Only the lines from the one with "PAOLA ULLOA B." through the last line of the records below belong in your answer, reproduced exactly and with the pictures left out.

__Collected data entries__.

-*-

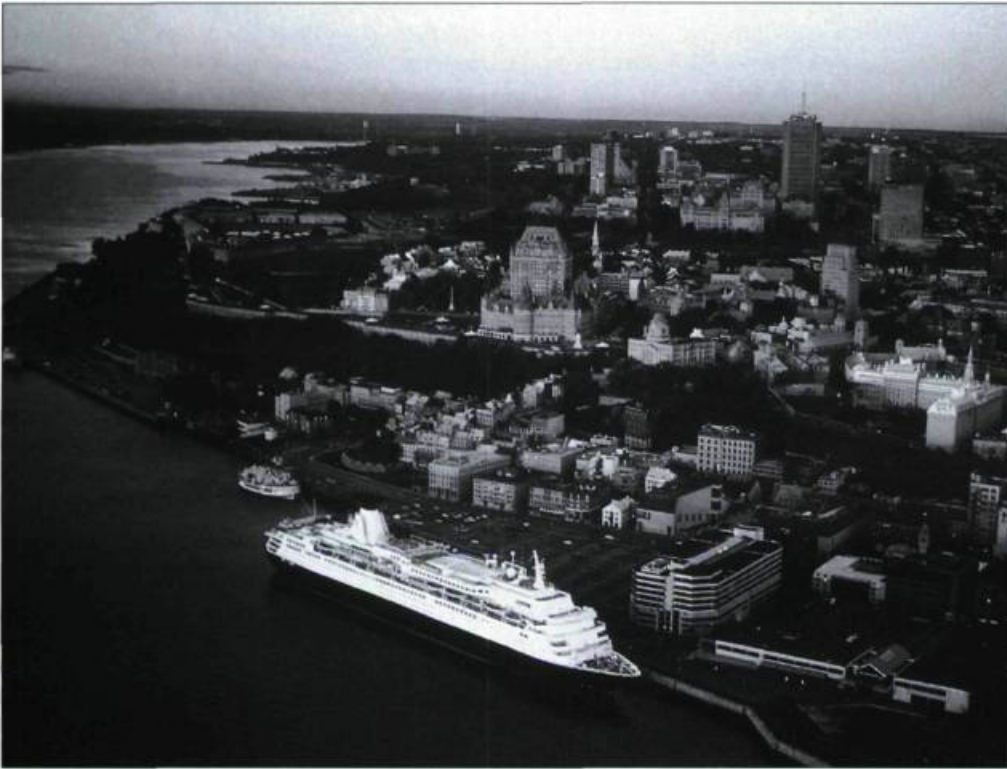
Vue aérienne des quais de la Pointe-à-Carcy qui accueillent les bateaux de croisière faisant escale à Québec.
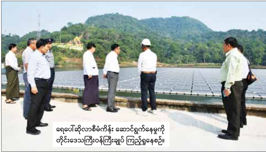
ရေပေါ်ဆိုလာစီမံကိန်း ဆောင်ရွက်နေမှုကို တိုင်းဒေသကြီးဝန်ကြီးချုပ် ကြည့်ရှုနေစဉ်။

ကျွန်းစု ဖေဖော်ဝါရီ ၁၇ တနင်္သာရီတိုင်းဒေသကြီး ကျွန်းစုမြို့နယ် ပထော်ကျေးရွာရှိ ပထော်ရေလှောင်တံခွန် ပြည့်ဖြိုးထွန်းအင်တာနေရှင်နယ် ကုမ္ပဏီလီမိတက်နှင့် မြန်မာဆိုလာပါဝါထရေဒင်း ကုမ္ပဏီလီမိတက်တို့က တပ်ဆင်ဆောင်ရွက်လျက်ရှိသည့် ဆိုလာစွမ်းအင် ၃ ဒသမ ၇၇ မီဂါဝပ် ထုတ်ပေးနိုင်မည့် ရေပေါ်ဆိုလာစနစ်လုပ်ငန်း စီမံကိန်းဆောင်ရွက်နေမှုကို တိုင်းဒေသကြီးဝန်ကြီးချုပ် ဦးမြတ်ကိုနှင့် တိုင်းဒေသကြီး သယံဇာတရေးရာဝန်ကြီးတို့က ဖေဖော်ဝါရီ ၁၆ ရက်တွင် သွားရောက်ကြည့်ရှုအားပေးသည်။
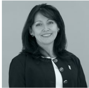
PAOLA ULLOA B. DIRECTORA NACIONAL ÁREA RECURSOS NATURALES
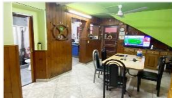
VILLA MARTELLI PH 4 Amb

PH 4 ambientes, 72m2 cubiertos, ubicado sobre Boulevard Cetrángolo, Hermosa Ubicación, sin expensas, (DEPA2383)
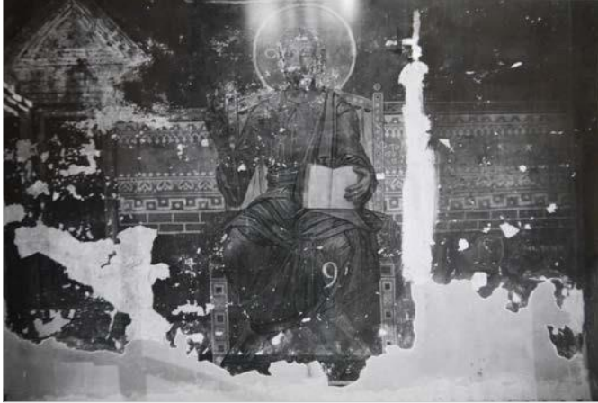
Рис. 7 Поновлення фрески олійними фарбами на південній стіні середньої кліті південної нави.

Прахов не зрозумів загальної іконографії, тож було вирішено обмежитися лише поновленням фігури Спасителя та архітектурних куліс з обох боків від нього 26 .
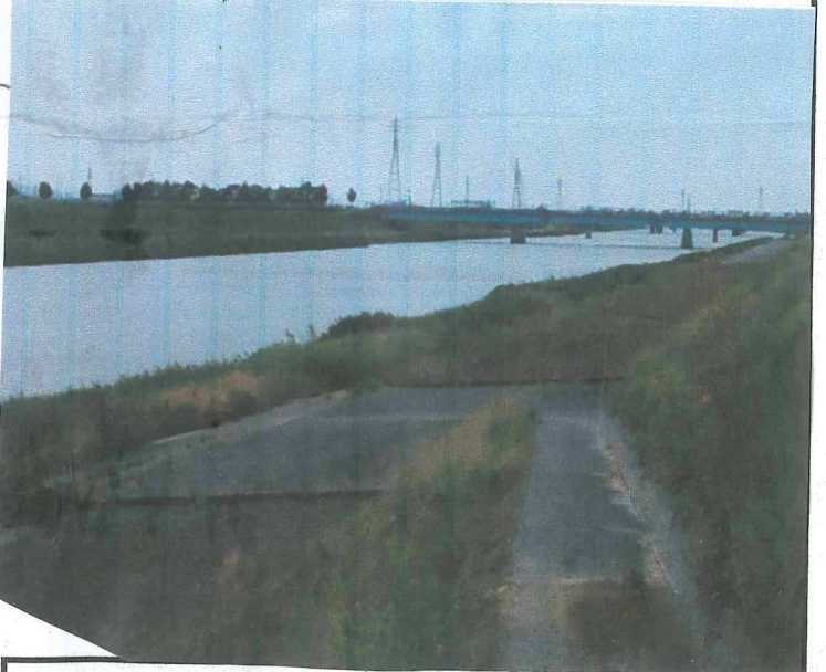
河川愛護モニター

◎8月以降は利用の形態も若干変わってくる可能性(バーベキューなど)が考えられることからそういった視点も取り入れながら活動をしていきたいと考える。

-*-

__EXERCISE ANSWER__.
PAOLA ULLOA B. DIRECTORA NACIONAL ÁREA RECURSOS NATURALES
VILLA MARTELLI PH 4 Amb

PH 4 ambientes, 72m2 cubiertos, ubicado sobre Boulevard Cetrángolo, Hermosa Ubicación, sin expensas, (DEPA2383)
Рис. 7 Поновлення фрески олійними фарбами на південній стіні середньої кліті південної нави.

Прахов не зрозумів загальної іконографії, тож було вирішено обмежитися лише поновленням фігури Спасителя та архітектурних куліс з обох боків від нього 26 .
河川愛護モニター

◎8月以降は利用の形態も若干変わってくる可能性(バーベキューなど)が考えられることからそういった視点も取り入れながら活動をしていきたいと考える。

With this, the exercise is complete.